To minimize potential information loss, stages (2), (3), and (4) are executed within a single pass of the MLLM.

Each data sample is a quadruple of (task instruction, query, positive document, hard negative document), denoted as (t, q, d+, d−). For each data piece, images are first sampled from the LAION-400M image corpus as the query image, positive image, and hard negative image (qi, d+i , d−i ). With these three images as input, an MLLM πθ can synthesize a multimodal embedding data sample y=(t,qt,d+t,d−t). As a result, the synthetic data can have a maximum of seven elements: {t, (qt, qi), (d+t , d+i), (d−t , d−i )}.

Data Synthesis Framework

The data covers three key multimodal embedding tasks: classification, VQA, and retrieval. Data is synthesized of modality types included in the MMEB benchmark, which can cover most scenarios.
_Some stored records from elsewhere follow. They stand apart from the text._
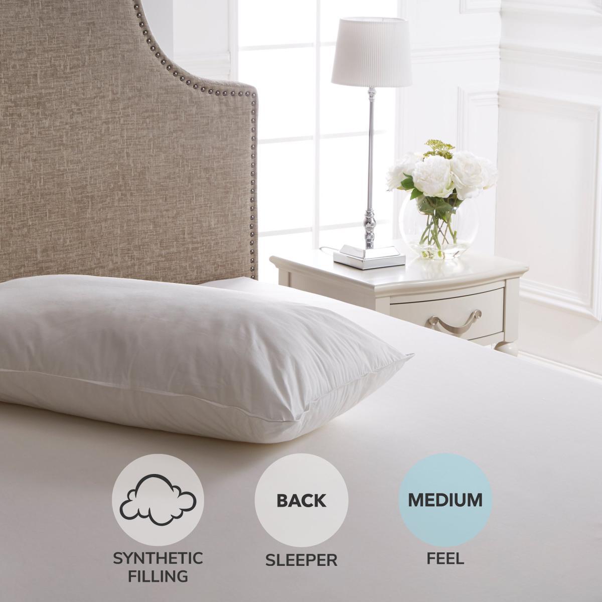 Beautifully crafted with a luxuriously soft 100% cotton cover, this kingsize pillow from the premium Dorma range stays fuller for longer thanks to the luxurious spiral fibre anti allergy treated polyester filling for a higher quality. The non-allergenic properties are ideal for ensuring a great night's sleep for allergy suffers. With an added deluxe 233 thread count, this pillow features a double stitched piped edge finish for ultimate durability. Contains recycled fibre.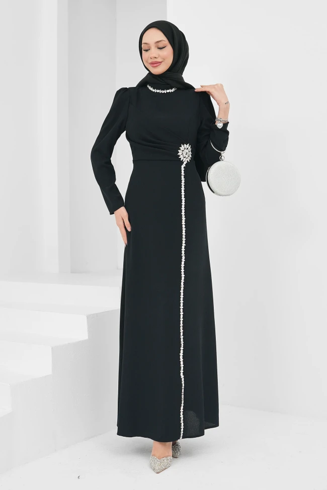 * Ürün Detay : Abiyemiz, net çizgileri ve stratejik taş detaylarıyla koleksiyonunun en asil parçalarından biri olarak öne çıkıyor.Elbisenin düz, A kesime yakın formu, farklı vücut tiplerine uyum sağlayacak joker bir kalıptır.Bel kısmındaki dökümlü geçişi sabitleyen çiçek formlu taşlı broş, tasarıma hareket katıyor. Bu noktadan aşağıya doğru dikey olarak inen inci ve taş hattı, boyu daha uzun ve silüeti daha ince gösteren çok şık bir detay.Hakim yakadaki ince taş işlemesi, kolye kullanımına gerek bırakmadan yüz hattını aydınlatıyor. Hafif kabarık omuz yapısı ise duruşa daha vakur bir hava katmıştır.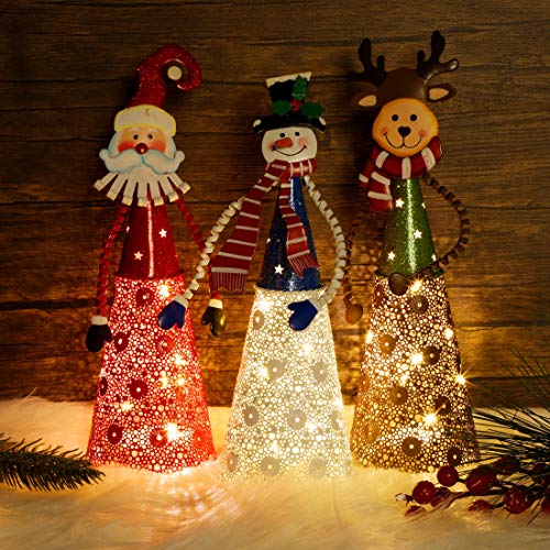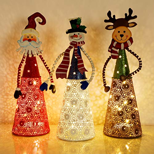 - 🎅 Unique Christmas Light: Set of 3 Christmas table decoration with led lights includes 3 elegant and unique Christmas designs, red Santa Claus, brown reindeer and white snowman, brings holiday cheer to your space, adds a festive look to your holiday seasonal layout and welcomes your guests with warm wishes.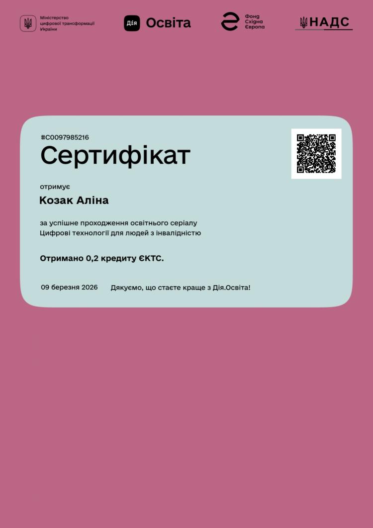 Зокрема, здобувачі ступеня вищої освіти «бакалавр» Олександра КОБІЧУК, Даніела ГРУША, Аліна КОЗАК, Ангеліна СІРЕНКО, Анастасія МАРОЩУК, Михайло ЛУКАШЕВИЧ брали участь у програмах неформальної освіти та успішно підтвердили результати навчання відповідними сертифікатами. Під час проходження освітніх курсів студенти ознайомилися з актуальними питаннями використання цифрових технологій для забезпечення доступності інформації та сервісів для людей з інвалідністю, а також дослідили роль туристичних ініціатив у розвитку місцевих громад.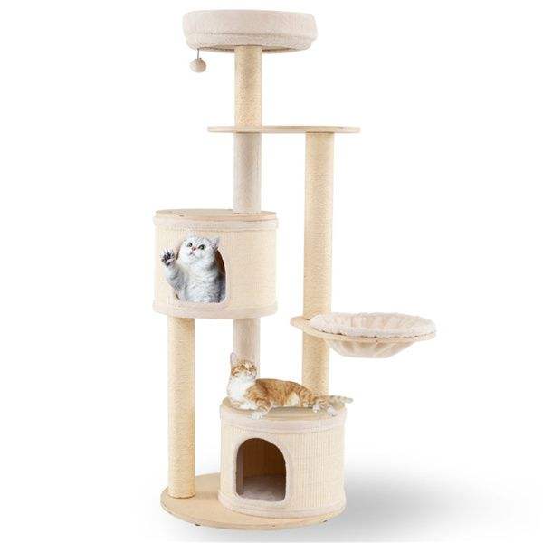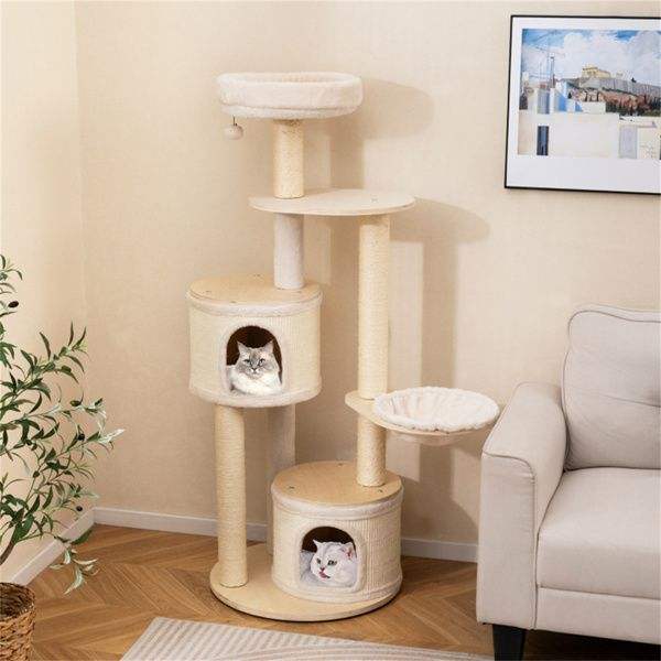 Árbol para Gatos de Madera de 60 Pulgadas de Alto con Múltiples Niveles, Condominios y Postes Rascadores de Sisal para Gatos de Interior, Aspecto Natural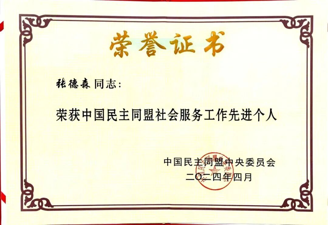 张德森董事长荣获“中国民主同盟社会服务工作先进个人”荣誉称号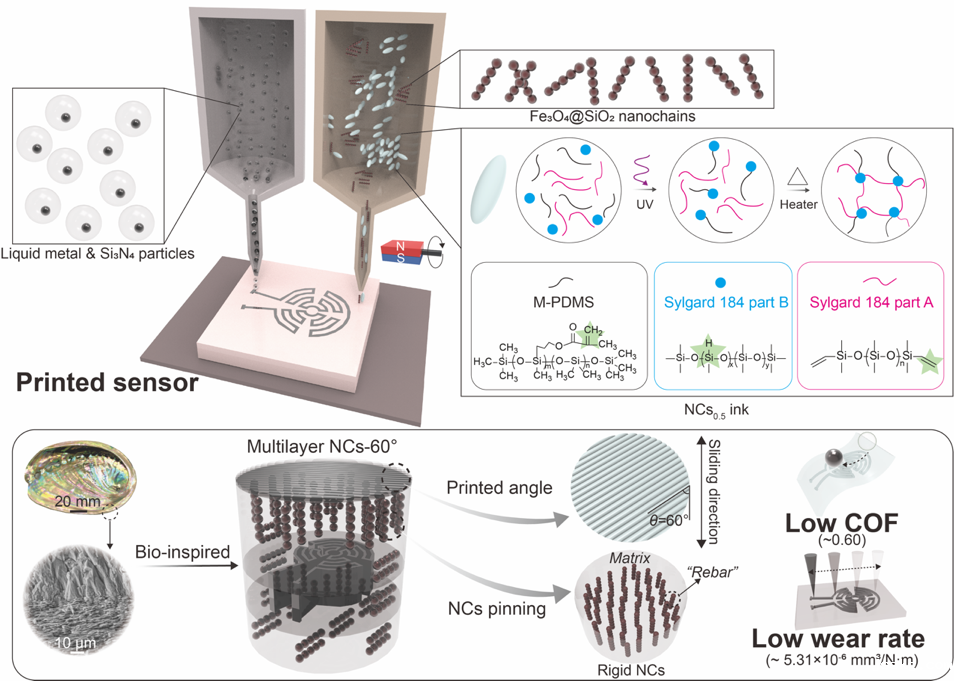 近年来,物联网、工业4.0、大数据、人工智能、机器人和数字健康等领域的进步,柔性可穿戴传感器引起了科研人员的大量关注。由于日常穿戴及运动过程产生的磨损继而引发其失效的问题仍然是制约其应用的关键因素之一。改变复合材料中增强颗粒的取向和分布可望提升机械负载方向的力学性能。然而,与牙齿、骨骼和贝壳等天然结构相比,其效果仍然很差。生物界中,鲍鱼具有坚韧的外壳能承受巨大的外力,外壳的珍珠层和棱柱层交叉排列提供了优异的力学性能,受此启发,仿照其结构制备在三维方向适应分布的复合材料,调控获得局部定制化使其兼具耐磨特性,并以此作为传感器的封装层,有望极大提升传感器的服役寿命。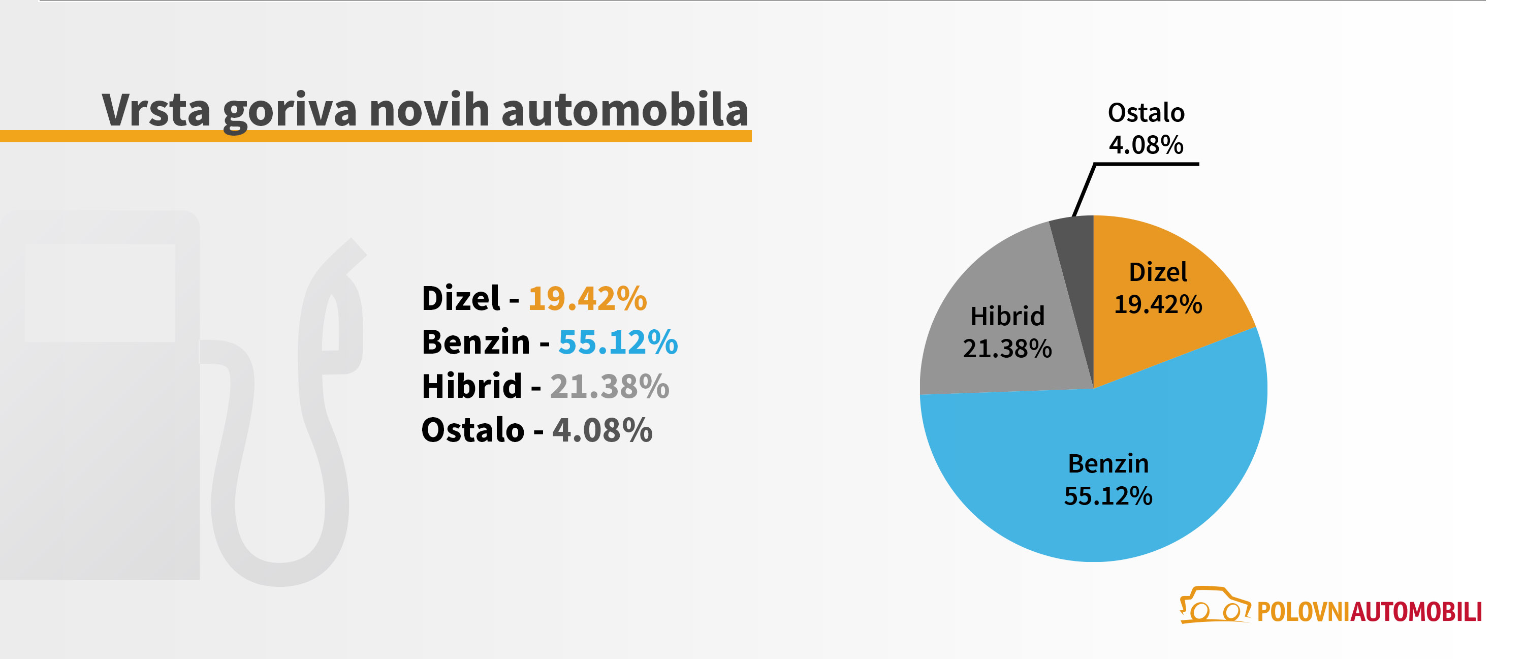 Dok je kod prodaje polovnjaka dominantan pogon na dizel gorivo, kod novih automobila je situacija znatno drugačija. U prvoj polovini ove godine više od polovine svih prodatih novih vozila je na benzin, dok dizelaši čine svega 19,42% tržišta. Interesantno je da i dalje raste popularnost hibrida, čija je prodaja skočila na 21.38% svih prodatih novih automobila. Podsećanja radi, vozila na hibridni pogon su u 2022. godini činila oko 17% kompletnog tržišta.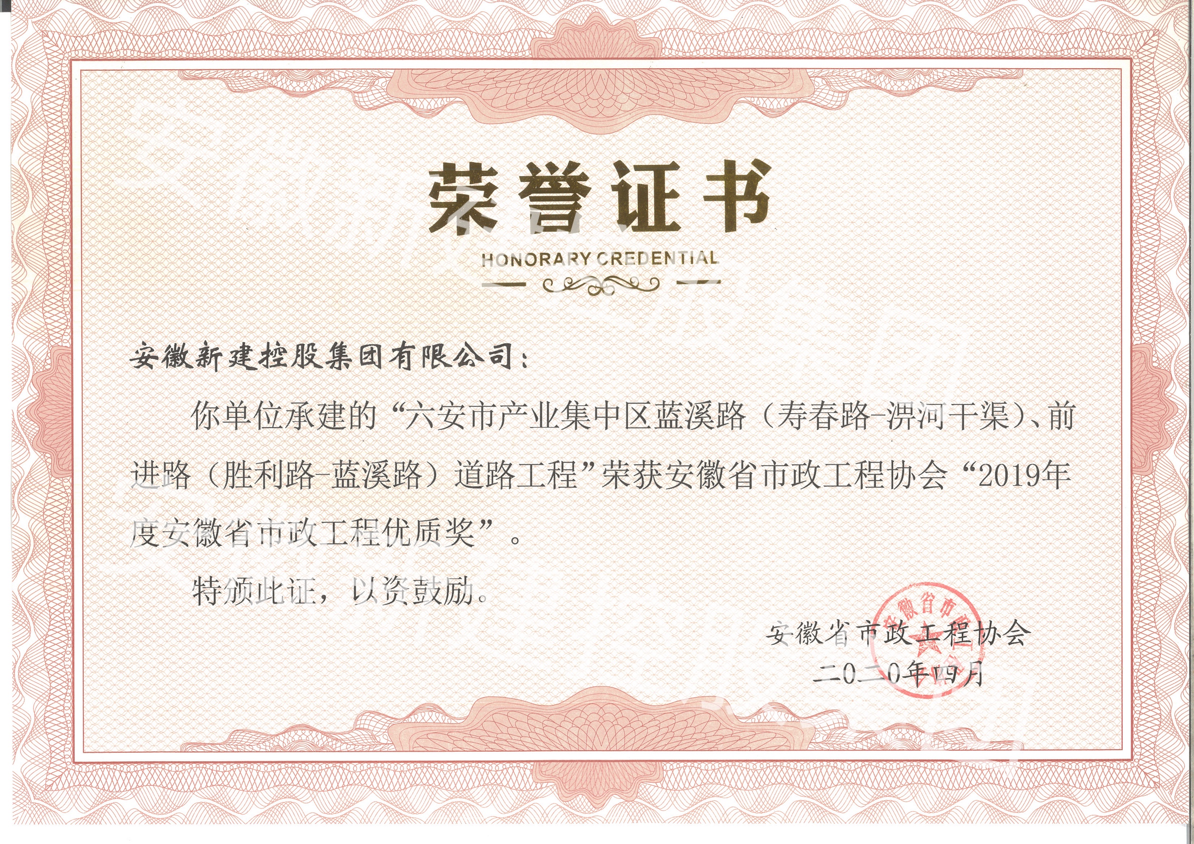 近日,從安徽省市政工程協(xié)會傳來喜訊,由我單位承建的“葉集區(qū)城區(qū)道路改造工程”、“六安市產(chǎn)業(yè)集中區(qū)藍(lán)溪路、前進(jìn)路道路工程”、“鳳陽寧國現(xiàn)代產(chǎn)業(yè)園文賢北路、鳳祥路等三條道路工程”、“葉集實(shí)驗(yàn)區(qū)東部生態(tài)新城一期路網(wǎng)標(biāo)段道排工程、花園東路道排工程”等四項(xiàng)工程榮獲“2019年度安徽省市政工程優(yōu)質(zhì)獎”。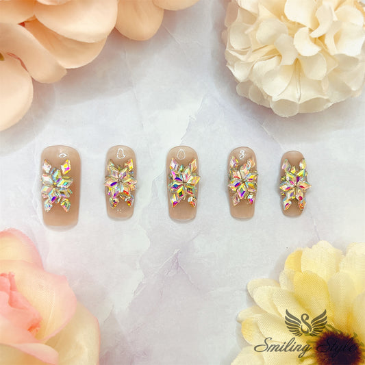 A Snowy Dream Press On Nails by SMILINGSTYLE | Luxury Fake Nails | Reusable Nails | Handmade Nails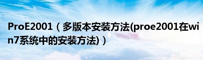 大家好,今天小悦来为大家解答以上问题。ProE2001,多版本安装方法(proe2001在win7系统中的安装方法)很多人还不知道,现在让我们一起来看看吧!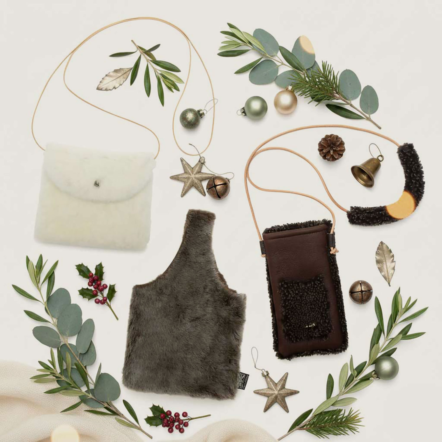 モコモコとした素材が温かみのあるムードを演出してくれるムートン製のスモールバッグ。ちょっとした小物を入れるのにちょうど良いサイズ感です。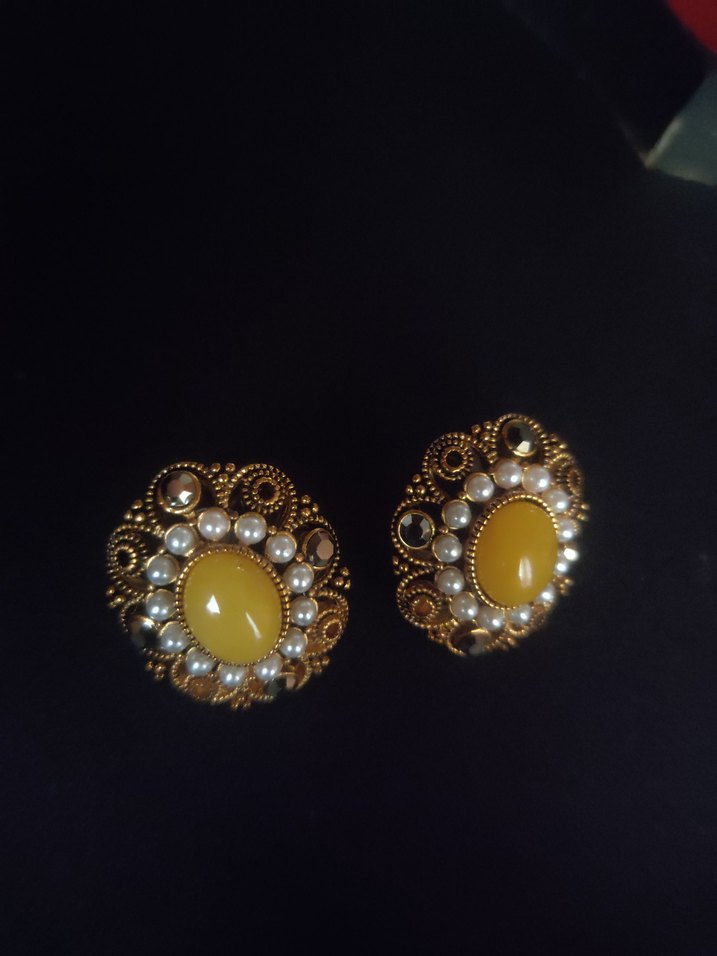 kehribar taş, tatlı su incisi ve nakış detaylı vintage tarzda gümüs üzerine 18 ayar altın kaplama küpe Düğün için uygun, klasik görünüm sunar. marka temsili #vintage #kupe #altin #gümüs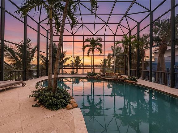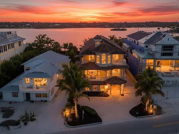 Auction Property. LUXURY REAL ESTATE AUCTION on-site on Friday, February 27, 2026, at 1:00 PM. Previews begin on Saturday, February 7th, and will run every Saturday and Sunday from 1:00 to 4:00 PM until the auction. Private appointments are available; please call for details. Designed by renowned architect George Merlin and built in 2006 by Christner Brothers to hurricane-resistant building code, this home rests securely on concrete-driven pilings and exudes unparalleled quality. Watch the sunrise over the Intracoastal Waterway from the deepwater boat dock and lift. Spend the afternoons on your private beach along the sandy shore of the gulf where spectacular sunsets are almost guaranteed. Inside nearly 8,000 square feet, five bedrooms with en suites, nine baths, formal living, family and sitting rooms, dual private offices, den and a theater room provide seemingly endless enjoyment. Crown molding, trayed ceilings, travertine flooring, three fireplaces and Yoder Brothers custom cabinetry exude elegant touches throughout. An elevated lagoon-style swimming pool is great for a cool dip or relax in the heated spa and outdoor fireplace on a chilly evening. The gourmet kitchen is large enough to host an impressive dinner party and gather with family and friends. Casey Key is a place like no other, where residential homes line the shores, absent of commercial building and high-rise condominiums. Development is restricted to single-family homes, yet all conveniences of shopping and restaurants are minutes away. Private and commercial air travel are easily accessible. Sports and cultural entertainment enthusiasts will find golf, tennis, theaters, music and more, just a few miles away in nearby Venice and Sarasota. There’s something for everyone in this gulf to bay resort-style home.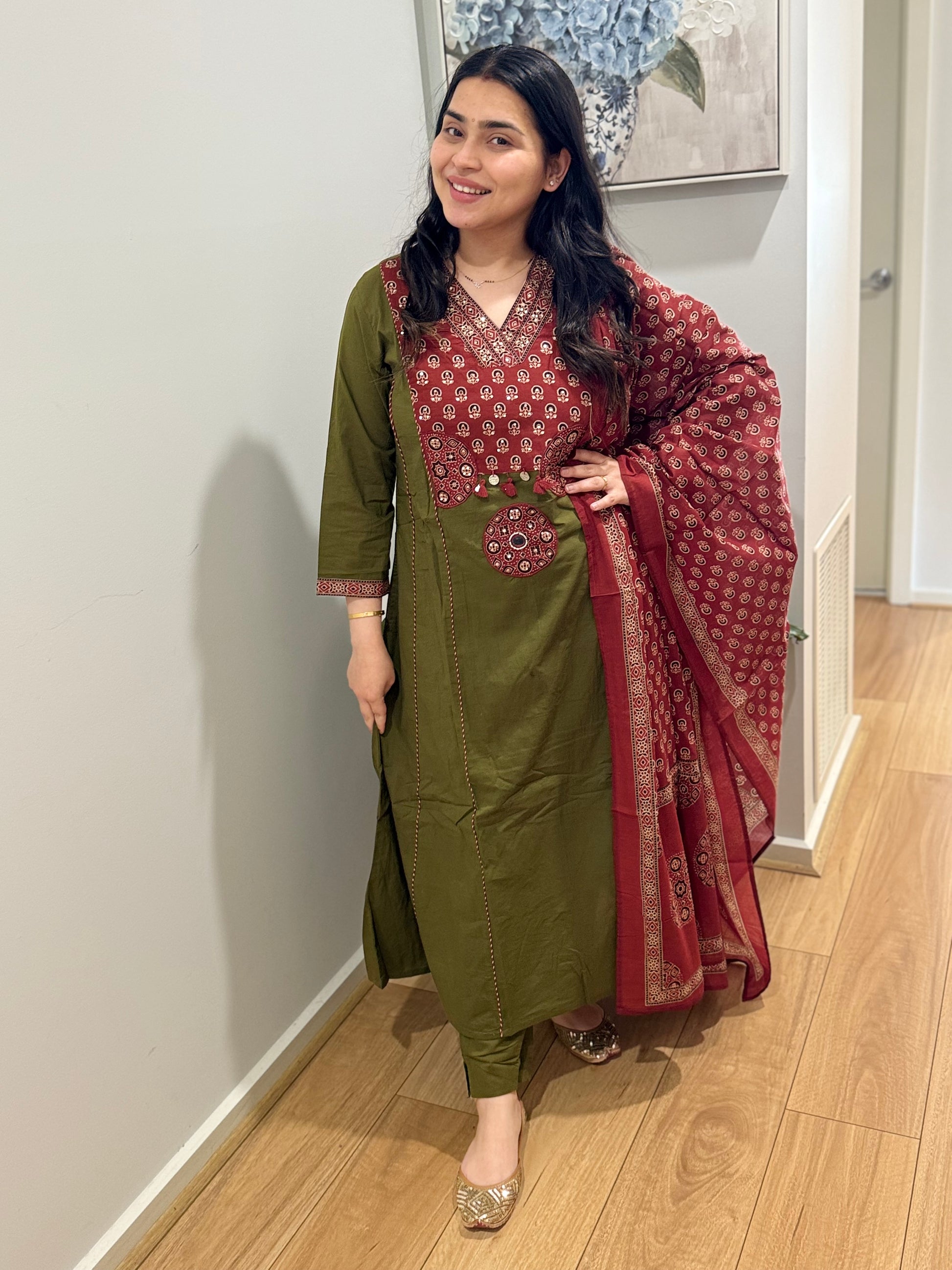 Premium quality cotton suit with pants and printed dupatta in ajrakh style

Image: First, a query image is sampled from the corpus (qi ∈ I). Then, for the modality types involving images on the document side (e.g., IT→IT), a small embedding model, jina-clip-v2, is used to retrieve a similar positive image d+i and a hard negative image d−i efficiently.
Language: To synthesize multilingual data, languages are sampled from the language list of XLM-R. High-source languages are given higher weights in order to facilitate the common usage scenarios. Note that the generated task instruction will always be in English for effective instruction tuning.

With the data configuration ready, a deep thinking process is introduced that involves interpreting input images, generating data, and performing self-evaluation.

Multi-aspect Visual Interpretation

To obtain a comprehensive understanding of the images, the MLLM πθ first analyzes them from multiple perspectives:

the general information
a detailed description of the objects present
contextual background information
potential connections between the image and the text that may be synthesized.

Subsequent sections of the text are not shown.